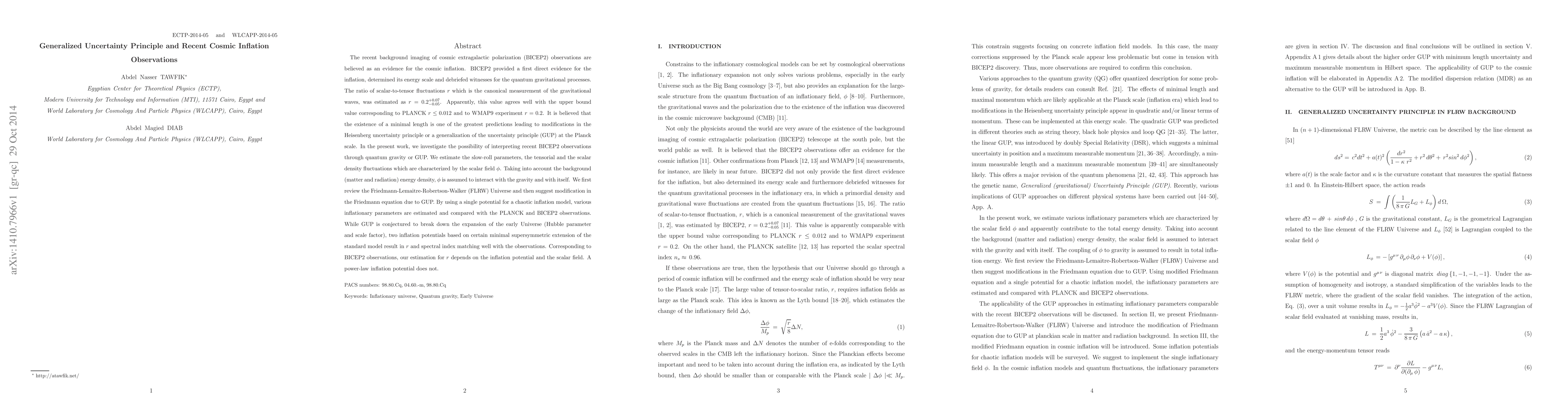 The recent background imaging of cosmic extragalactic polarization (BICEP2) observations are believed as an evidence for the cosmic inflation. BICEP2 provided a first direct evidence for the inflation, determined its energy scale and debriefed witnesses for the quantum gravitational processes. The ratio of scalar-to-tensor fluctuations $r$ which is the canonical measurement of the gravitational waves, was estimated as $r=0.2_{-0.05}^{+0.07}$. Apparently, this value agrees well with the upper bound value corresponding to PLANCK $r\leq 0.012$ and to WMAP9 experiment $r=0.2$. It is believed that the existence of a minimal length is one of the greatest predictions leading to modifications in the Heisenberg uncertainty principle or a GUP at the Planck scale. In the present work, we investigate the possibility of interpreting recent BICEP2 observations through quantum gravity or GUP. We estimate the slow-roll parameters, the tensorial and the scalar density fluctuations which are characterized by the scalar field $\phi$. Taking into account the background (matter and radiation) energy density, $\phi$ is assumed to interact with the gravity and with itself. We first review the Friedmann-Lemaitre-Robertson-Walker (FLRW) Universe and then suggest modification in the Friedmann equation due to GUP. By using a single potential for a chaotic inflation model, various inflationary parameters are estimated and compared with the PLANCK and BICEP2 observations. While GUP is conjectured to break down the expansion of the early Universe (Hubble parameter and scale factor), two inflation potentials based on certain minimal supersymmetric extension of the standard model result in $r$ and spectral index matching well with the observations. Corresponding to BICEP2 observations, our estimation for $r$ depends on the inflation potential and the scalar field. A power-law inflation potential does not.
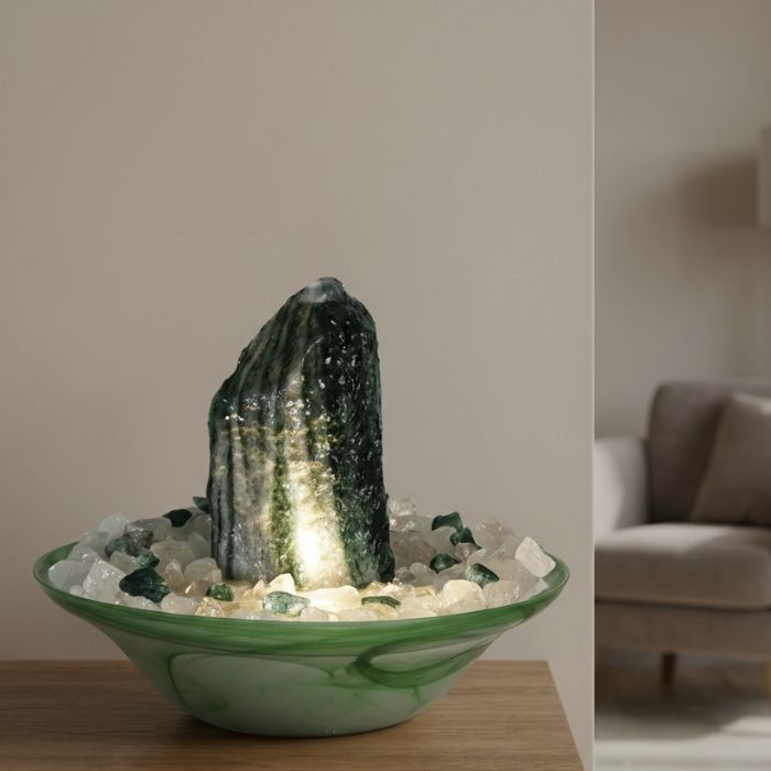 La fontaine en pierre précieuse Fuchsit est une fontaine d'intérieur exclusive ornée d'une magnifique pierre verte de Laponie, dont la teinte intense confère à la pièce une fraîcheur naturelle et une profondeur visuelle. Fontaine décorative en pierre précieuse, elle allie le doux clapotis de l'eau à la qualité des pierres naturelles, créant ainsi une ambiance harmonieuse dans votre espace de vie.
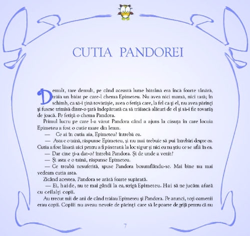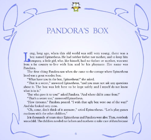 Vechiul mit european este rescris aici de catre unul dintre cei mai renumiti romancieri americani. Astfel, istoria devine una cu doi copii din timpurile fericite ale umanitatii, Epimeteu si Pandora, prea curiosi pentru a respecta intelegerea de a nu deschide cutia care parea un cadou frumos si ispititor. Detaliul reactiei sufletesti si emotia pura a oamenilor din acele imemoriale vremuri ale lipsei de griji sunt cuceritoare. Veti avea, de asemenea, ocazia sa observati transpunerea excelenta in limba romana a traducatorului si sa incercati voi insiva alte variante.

* * *

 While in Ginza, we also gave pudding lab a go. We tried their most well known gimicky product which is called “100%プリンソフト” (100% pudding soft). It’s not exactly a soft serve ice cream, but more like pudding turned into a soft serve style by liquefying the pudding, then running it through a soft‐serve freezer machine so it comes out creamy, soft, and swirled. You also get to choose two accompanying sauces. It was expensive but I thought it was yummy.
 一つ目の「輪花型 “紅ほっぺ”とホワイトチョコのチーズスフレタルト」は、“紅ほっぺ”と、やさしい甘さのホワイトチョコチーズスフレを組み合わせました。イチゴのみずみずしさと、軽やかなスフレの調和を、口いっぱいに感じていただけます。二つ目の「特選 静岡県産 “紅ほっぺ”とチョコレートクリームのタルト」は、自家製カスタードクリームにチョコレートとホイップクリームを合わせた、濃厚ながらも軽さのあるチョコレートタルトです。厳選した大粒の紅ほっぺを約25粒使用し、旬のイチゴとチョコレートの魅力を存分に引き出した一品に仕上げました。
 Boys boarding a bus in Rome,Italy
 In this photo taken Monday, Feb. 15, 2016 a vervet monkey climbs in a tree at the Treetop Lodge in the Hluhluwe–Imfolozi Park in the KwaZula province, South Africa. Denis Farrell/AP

* YOUR OBJECTIVE: Reproduce exactly the stretch of the material above that starts at the line with "While in Ginza, we" and ends at the line with "Boys boarding a bus in Rome,Italy", both included, and nothing else.

* EXERCISE ANSWER:
 While in Ginza, we also gave pudding lab a go. We tried their most well known gimicky product which is called “100%プリンソフト” (100% pudding soft). It’s not exactly a soft serve ice cream, but more like pudding turned into a soft serve style by liquefying the pudding, then running it through a soft‐serve freezer machine so it comes out creamy, soft, and swirled. You also get to choose two accompanying sauces. It was expensive but I thought it was yummy.
 一つ目の「輪花型 “紅ほっぺ”とホワイトチョコのチーズスフレタルト」は、“紅ほっぺ”と、やさしい甘さのホワイトチョコチーズスフレを組み合わせました。イチゴのみずみずしさと、軽やかなスフレの調和を、口いっぱいに感じていただけます。二つ目の「特選 静岡県産 “紅ほっぺ”とチョコレートクリームのタルト」は、自家製カスタードクリームにチョコレートとホイップクリームを合わせた、濃厚ながらも軽さのあるチョコレートタルトです。厳選した大粒の紅ほっぺを約25粒使用し、旬のイチゴとチョコレートの魅力を存分に引き出した一品に仕上げました。
 Boys boarding a bus in Rome,Italy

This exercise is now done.